Container Freight Market Tightens as Carriers Impose New Surcharges and GRIs

Container Freight Market Tightens as Carriers Impose New Surcharges and GRIs

William Faulkner 05-Jun-2026

Global shipping markets remained under significant pressure at the beginning of June 2026 as continued disruption in the Gulf region matched with an earlier than expected peak- season demand surge.

Global shipping markets remained under significant pressure at the beginning of June 2026 as continued disruption in the Gulf region matched with an earlier than expected peak- season demand surge.  The combination of heightened geopolitical risks, tighter vessel capacity  and fresh carrier surcharges pushed freight charges higher across major east- west trade routes, leaving shippers with restricted relief from the market volatility experienced in current weeks.

Spot rates spike as peak season demand arrives ahead of schedule

On June 2, container spot rates shot up as General Rate Increases and peak season surcharges took effect. Strong cargo booking from Asia, combined with tighter vessel space availability, contributed to significant rate increases on Asia-Europe and Transpacific routes.  As per market source, Asia–Europe lanes saw daily rates rise by $1,000 to $1,800 per FEU compared to the previous week. For Asia to North Europe, rates topped pre-crisis highs from June–July 2025. While Transpacific rates were about $1,000 per FEU lower than last year’s spike, they're catching up. Shippers are getting hit with reduced container allocations and unexpected premium fees, pointing to tighter capacity before the July peak.

Shipping Industry Calls for Lasting Security Before Route Normalization

At Posidonia in Athens on June 2nd, shipping executives stated that normal transit through the Strait of Hormuz will not resume until strong security guarantees are in place. Industry leaders, including George Procopiou of Dynacom Tankers Management along with BIMCO and the International Chamber of Shipping, warned that risks such as naval mines could persist even after a ceasefire, making the security the top priority before route normalizations.

Maersk keeps Hormuz transits suspended; "Project Freedom" quietly shelved

Maersk confirmed on June 3 that it's keeping its full suspension of transits through the Strait of Hormuz. Their advisory mentioned the US-led "Project Freedom" naval escort plan, which was scrapped after only 36 hours. Now, the US Central Command does things more low-key. Vessels turn off their transponders and follow the Omani coast with covert US military help. Since Maersk hasn't lifted the suspension yet, it shows that operators aren't confident enough to sail without protection.
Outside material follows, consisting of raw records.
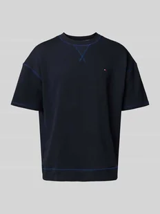Bluza męska Tommy Hilfiger;Mieszanka bawełny z dodatkiem streczu;Luźny krój;Model ‘TRACK TOP’;Okrągły dekolt;Rękaw o dł. 1/2;Szwy w stylu inside out;Wyhaftowane logo;Długość tyłu w rozmiarze M: 71 cm;Długość rękawa w rozmiarze M: 21 cm
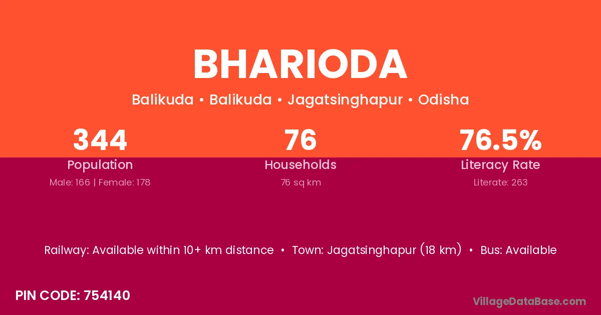 Jagatsinghapur (18 km) is the nearest town to Bharioda village for major economic activities and is located approximately 18 km away.
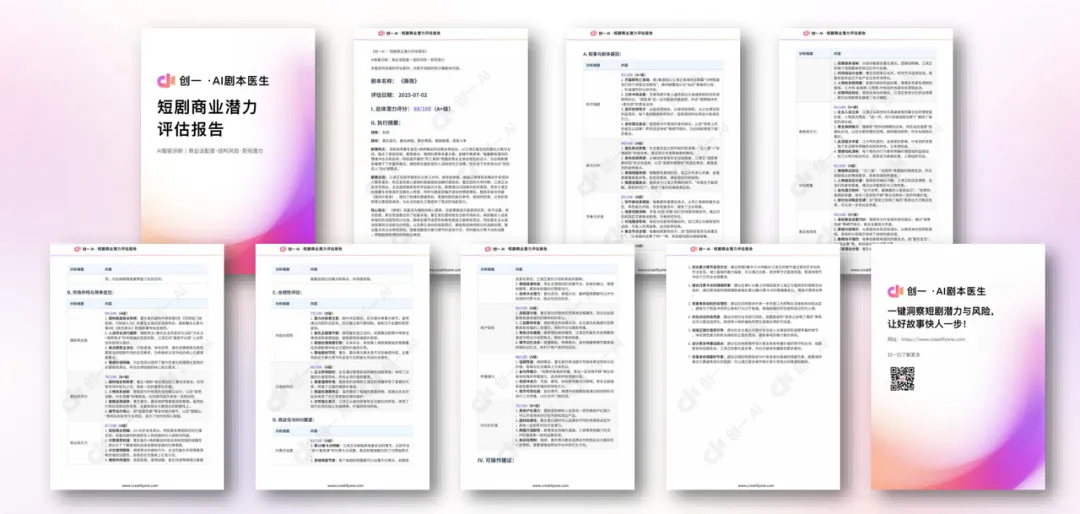 对制片方来讲,我们推出了“批量评估”功能,10部剧本可以同时评估,会有8000字以上的“评估报告”,对比制作难度和商业化潜力,让他们快速选出最值得投资的那个项目。用了这个功能,将选品时间大大的缩短,并且避开了2个合规风险剧,这就是精品化转型要做的效率和精准化。
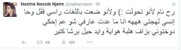 تعرضت النجمة اللبنانية نادين نسيب نجيم إلى وابل من التغريدات من مختلف البلاد العربية بتنوع لهجاتها، ما أدى إلى إصابتها بـ"الحول والتنميل"، إلى جانب نشرها صورة مع ابنتها بإطلالة جريئة.
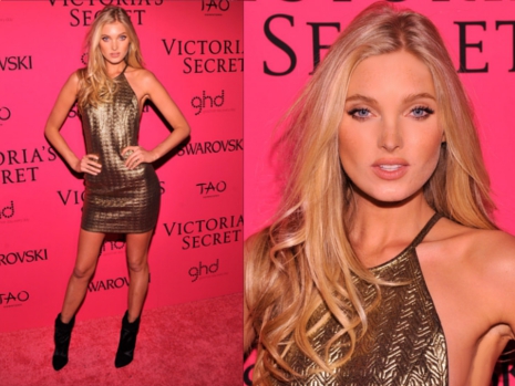 Az estélyi több helyen, köztük a hátán is ki volt vágva, s igen merészen fel volt sliccelve az elején, ám cseppet sem mondható közönséges választásnak. Rendkívül elegánsan festett a topmodell, aki már a 8. éve mutat be a divatshow-n fehérneműket.

EU moves to curb subsidised Asian imports; e-commerce fee takes effect July Trade

The European Union confirmed a flat €3 fee on low-value imports, starting in July 2026, followed by a €2 handling fee in November. This is in reaction to the surge in Asian e-commerce sales to Europe. However, parcel carriers have warned that the necessary reporting systems aren't quite ready, potentially causing border delays starting next month. Adding these fees creates more complications for Asia-Europe freight logistics. With current route disruptions and pricing fluctuations already stressing shippers, this new measure isn't coming at a convenient time.

Outlook: Freight Market Expected to Remain Firm Through June

Looking ahead, freight markets are anticipated to remain supported by a combination of geopolitical uncertainty, robust seasonal demand and continued carrier capacity management. Additional pricing actions by shipping lines, including further GRI’s and surcharges are expected to keep rates high across key Asia- Europe and Transpacific  corridors. As a result, many shippers are likely to secure booking earlier, diversify logistics strategies where possible, and maintain higher inventory levels to reduce exposure to potential supply chain disruptions during the peak shipping season.